The West Coast has a Tsuanami Watch going now...meaning you should NOT be around the beach area...and folks living


----------



## Gary Armitstead (Jan 2, 2008)

This eathquake was really bad. The aerial video from helicopters last night, showed just how fast the tsunami was moving. The fifteen foot wave literally raced across farmlands. Most seismologists said this is the worst in eighty years. Just had reports of the small tsunami wave hitting Crescent City, California.


----------



## markoles (Jan 2, 2008)

Mike,

My BIL is on the USS Cowpens and sent us all this email at midnight, eastern:

Hi all-
This afternoon I witnessed a magnitude 7.9 earthquake from the ship
while pierside. I've been through several minor earthquakes on ships
before and usually we won't even know it's happened. Not so this time!

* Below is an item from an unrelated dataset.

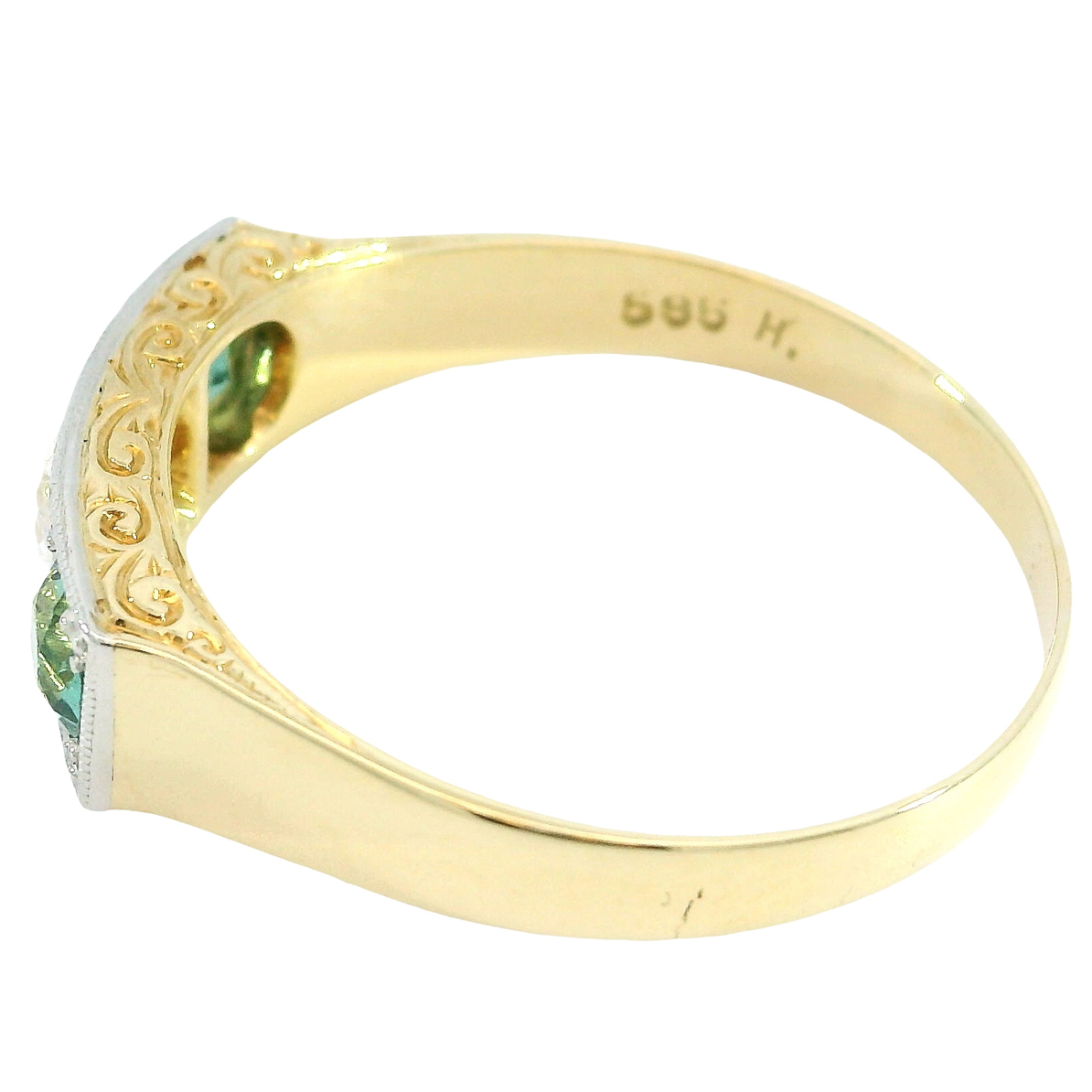The ring head features finely crafted floral hand engravings on the sides.

Most of the crew was topside for an abandon ship drill and all of sudden
the ship started swaying and sliding forward and aft - it almost felt
like we were at sea or a tug had just pushed up against us. The pier was
shaking all over the place and we saw the earthquake expansion joints on
it open up about a foot. The shaking lasted about 3-4 min and the ship
continued to shift back and forth for another 5 min or so after that.
Fortunately, no one was hurt and we didn't sustain any significant
damage. We parted two mooring lines (which are about 80,000 lbs test)
and a few minor equipment issues.

All in all - a pretty strange event. It's quite a feeling to see the
ship moving around that much with no means to control it aside from
hoping the lines hold!

Addendum: in the past hour the water level first dropped 5 or 6 feet,
then rose back up about 15' and is now receding at a visually
perceptible rate. Amazing! 



Video is amazing.


----------



## Greg Elmassian (Jan 3, 2008)

2 foot surge is expected in California. We are also at a low tide already here, so probably nothing will happen. Will hit San Diego in about an hour. 

Greg


----------



## xo18thfa (Jan 2, 2008)

We get NHK news from Tokyo, they are saying this is the biggest earthquake ever recorded in Japan. USGS shows it 80 miles east of Sendai. Dozens in the past 24 hours. 23 foot tsunami in Japan, 3 to 6 feet in Hawaii. Washington State and Oregon should be getting hit right about now.


----------



## xo18thfa (Jan 2, 2008)

The tsunami video's they are showing on NHK are horrific. Whole coastal towns pushed in land. It's a mess.


----------



## John J (Dec 29, 2007)

Is that the highest reading that has ever been recorded? Or have them been higher ones?


----------



## Andre Anderson (Jan 3, 2008)

JJ,

The graphic that I saw put this one as #5 all time with the Anchorage one leading the list, some down in South America were also on the list. It was three or four in the morning when I saw that little piece of information. I live in Oregon and by the time the tsunami got to us it was pretty much a non event, I really wish that I could say the same for Japan, I have a feeling that the clean up from this will make Katrina look small. My hopes and prayers are going out to the people of Japan.


----------



## afinegan (Jan 2, 2008)

There is a big problem happen as we speak:
http://blogs.forbes.com/williampent...chernobyl/


----------



## Torby (Jan 2, 2008)

It's unbelievable. I've been seeing reports, videos and photos all day.


----------



## Randy Stone (Jan 2, 2008)

Posted By John J on 11 Mar 2011 01:23 PM 
Is that the highest reading that has ever been recorded? Or have them been higher ones? 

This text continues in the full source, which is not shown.